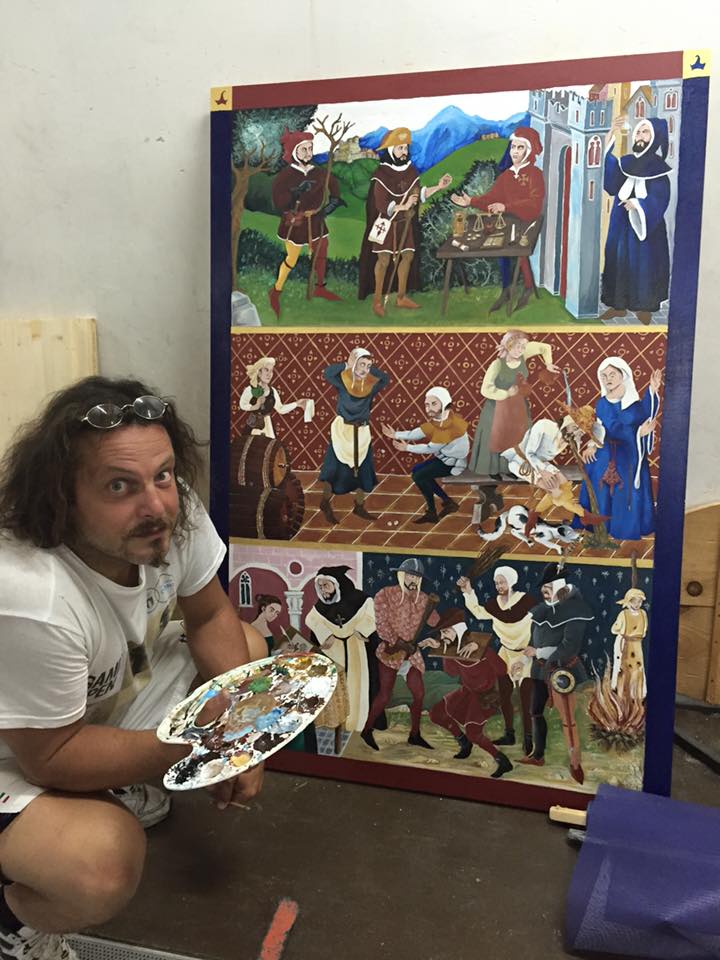 Qui vediamo, ad esempio, il Maestro d’arme Davide Lazzaroni mentre completa il dipinto effettuato con Isabella Panzera che rappresenta tutti i componenti del gruppo storico seguendo le iconografie del tempo con prospettive e colori.
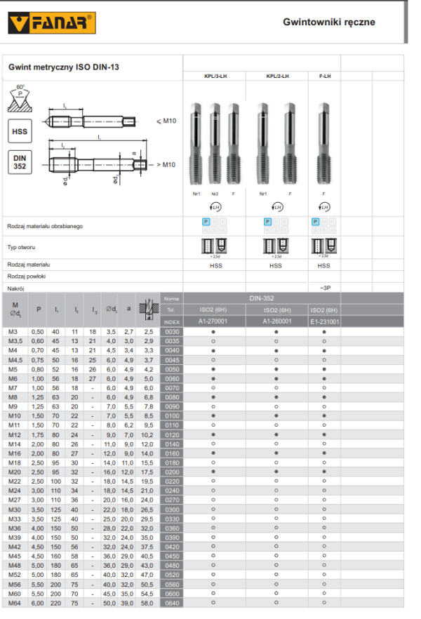 KOMPLET GWINTOWNIKÓW DIN-352/3 LH ISO2(6H) HSS
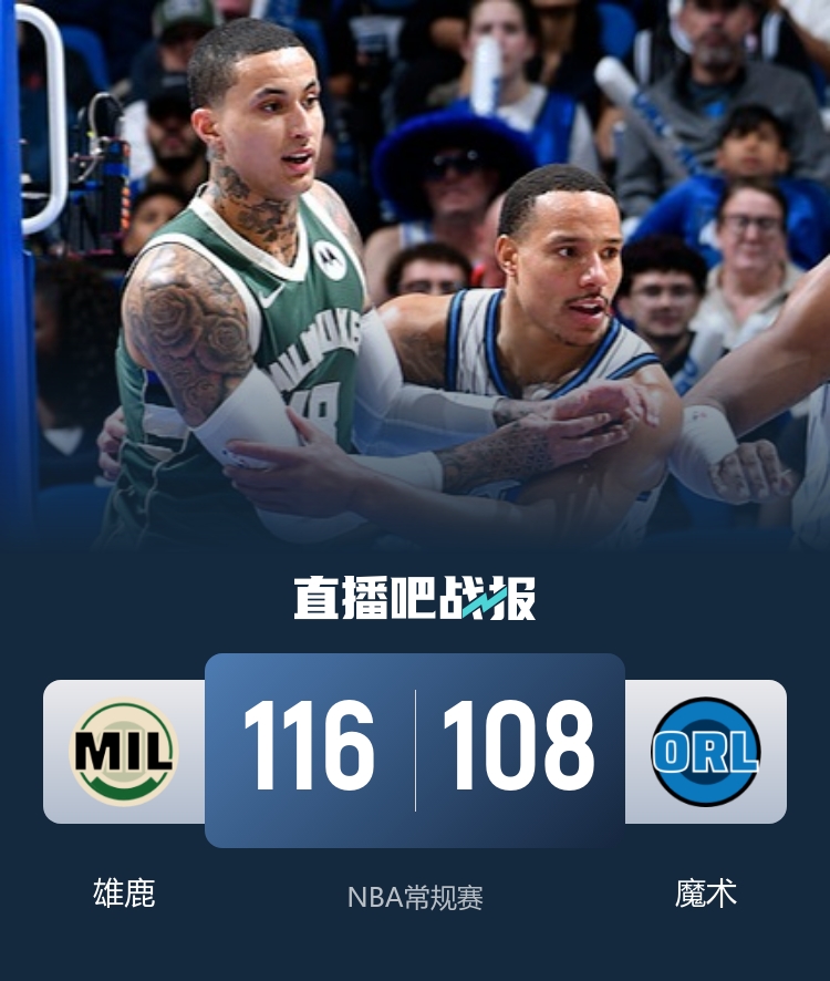 比赛开始,贝恩连中3记三分,但库兹马里突外投连砍11分强势回应,双方展开拉锯战,贝恩继续保持手感扔进第5记三分,首节魔术领先4分,次节双方展开拉锯战,魔术试图拉开比分但雄鹿总有人能回应,小波特连续突破带领雄鹿半场反超1分。下半场,双方比分继续胶着,托马斯站出来里突外投单节轰下15分,雄鹿三节反超5分,末节双方始终拉不开比分,小波特达成三双,贝恩接连三分能回应,关键时刻班凯罗隔扣扣飞,特纳关键三分命中后托马斯超远三分杀死比赛,最终雄鹿116-108魔术。
------------------------------------
### GOAL OF THE EXERCISE
Would you set down the listing exactly, omitting pictures?

### WRITTEN ANSWER
 Qui vediamo, ad esempio, il Maestro d’arme Davide Lazzaroni mentre completa il dipinto effettuato con Isabella Panzera che rappresenta tutti i componenti del gruppo storico seguendo le iconografie del tempo con prospettive e colori.
 KOMPLET GWINTOWNIKÓW DIN-352/3 LH ISO2(6H) HSS
 比赛开始,贝恩连中3记三分,但库兹马里突外投连砍11分强势回应,双方展开拉锯战,贝恩继续保持手感扔进第5记三分,首节魔术领先4分,次节双方展开拉锯战,魔术试图拉开比分但雄鹿总有人能回应,小波特连续突破带领雄鹿半场反超1分。下半场,双方比分继续胶着,托马斯站出来里突外投单节轰下15分,雄鹿三节反超5分,末节双方始终拉不开比分,小波特达成三双,贝恩接连三分能回应,关键时刻班凯罗隔扣扣飞,特纳关键三分命中后托马斯超远三分杀死比赛,最终雄鹿116-108魔术。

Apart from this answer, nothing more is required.